+++ Data extract

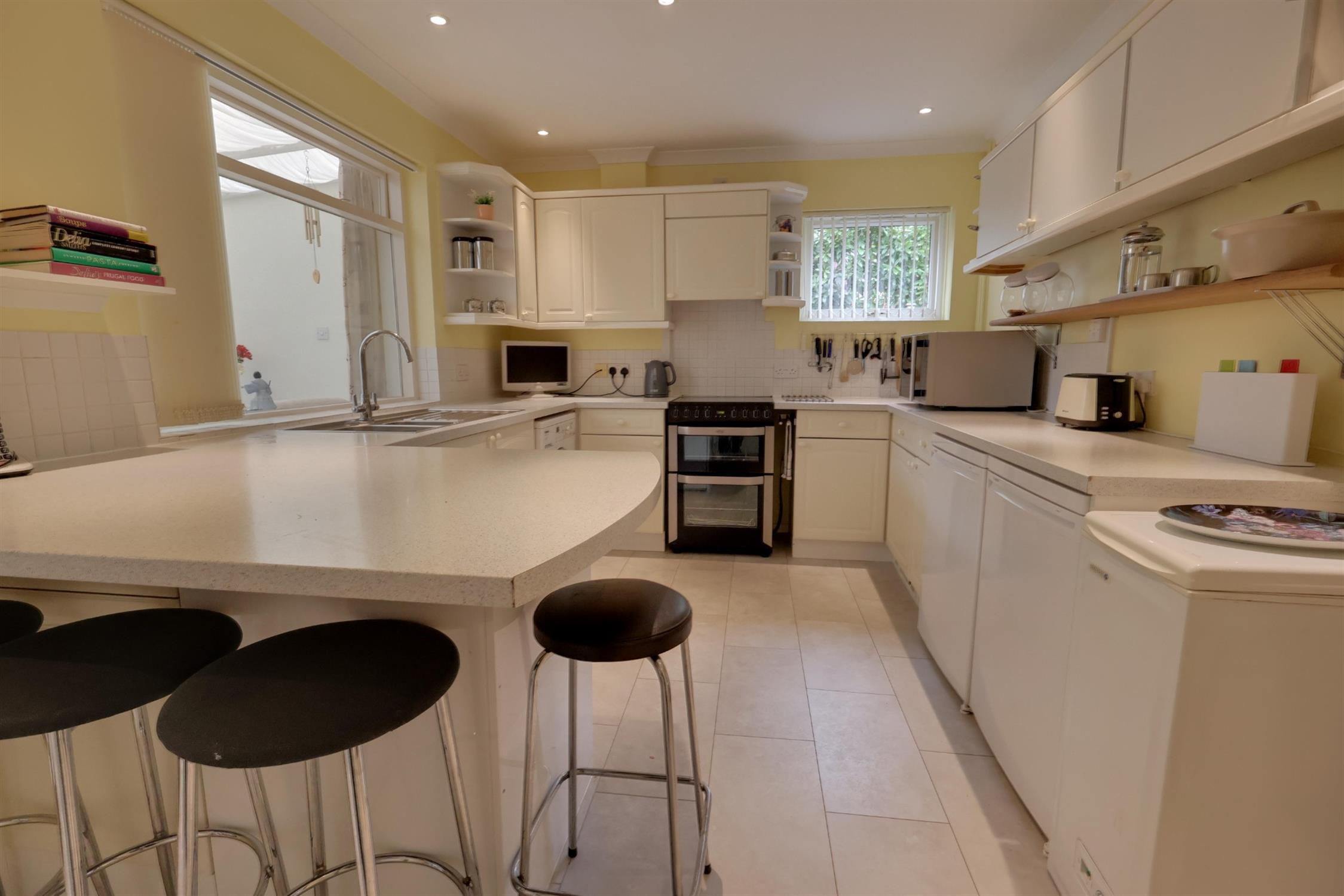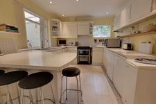 Excellent range of fitted floor and wall units with contrasting work surfaces and complimentary tiling to walls. Peninsular breakfast bar / serving area. Inset sink unit. Space for slot in cooker. Under counter space for fridge and freezer. Plumbing for automatic washing machine. Larder cupboard. Concealed gas fired boiler. Double glazed window to side. Window to conservatory.
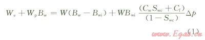 考慮水區(qū)能流動的水體彈性膨脹量、侵入氣藏水量、某些情況下為保護鄰近生產井而在水區(qū)排水泄壓的累積產水量、宏觀均勻分布的小孔隙中束縛水膨脹占據的原可動水體空間,以及地層壓力下降后水層空隙的壓縮效應,有以下關系:
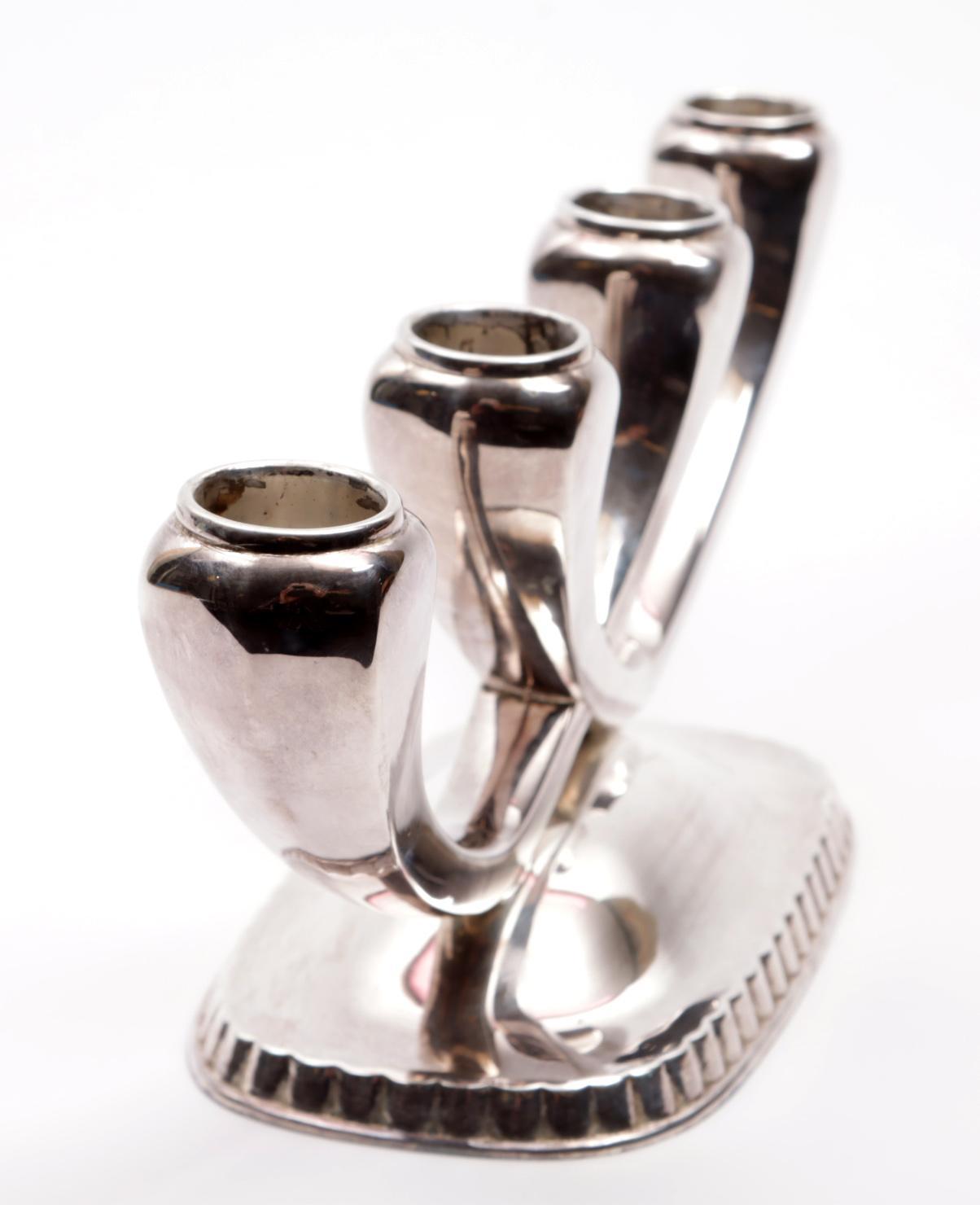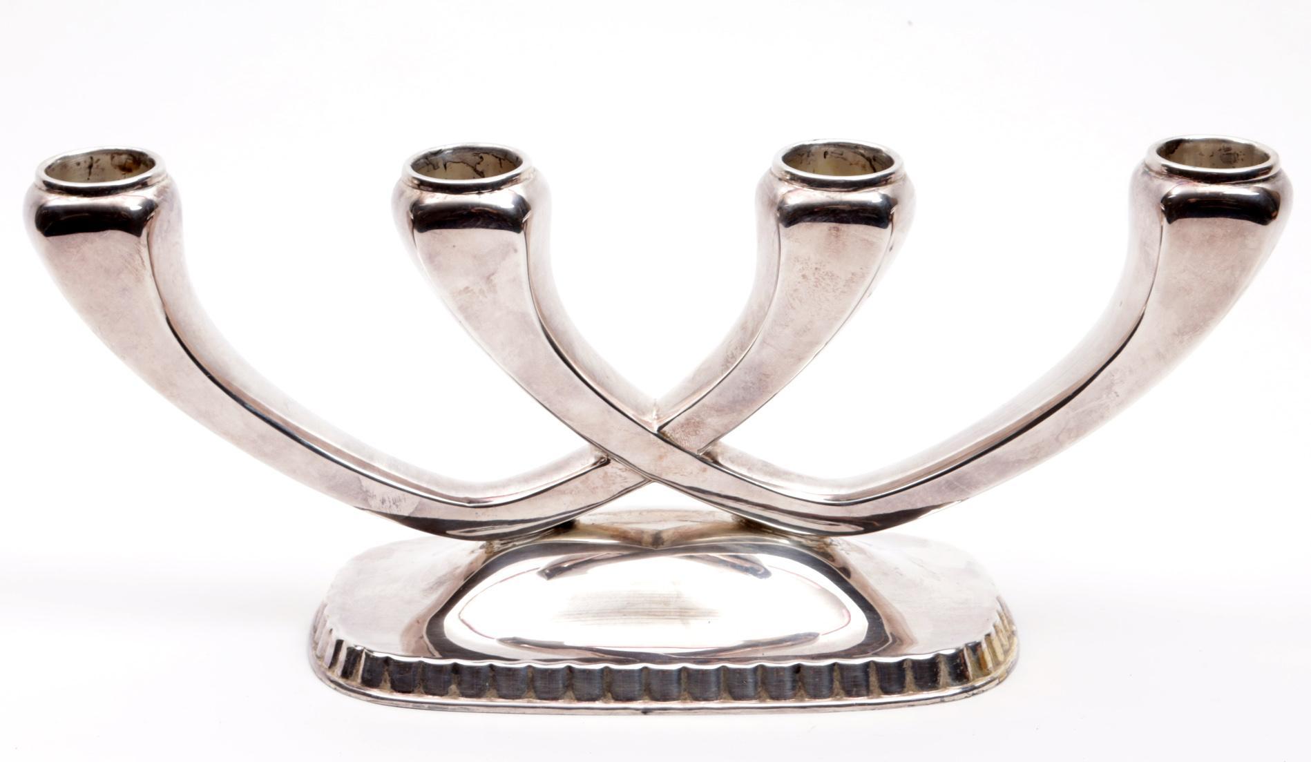 Zilveren 4-lichts kandelaar, h.12 cm., 675 gram

++++++

What you have to do: Produce a verbatim transcription of every line in the listing, images omitted.

Result:
 Excellent range of fitted floor and wall units with contrasting work surfaces and complimentary tiling to walls. Peninsular breakfast bar / serving area. Inset sink unit. Space for slot in cooker. Under counter space for fridge and freezer. Plumbing for automatic washing machine. Larder cupboard. Concealed gas fired boiler. Double glazed window to side. Window to conservatory.
 考慮水區(qū)能流動的水體彈性膨脹量、侵入氣藏水量、某些情況下為保護鄰近生產井而在水區(qū)排水泄壓的累積產水量、宏觀均勻分布的小孔隙中束縛水膨脹占據的原可動水體空間,以及地層壓力下降后水層空隙的壓縮效應,有以下關系:
 Zilveren 4-lichts kandelaar, h.12 cm., 675 gram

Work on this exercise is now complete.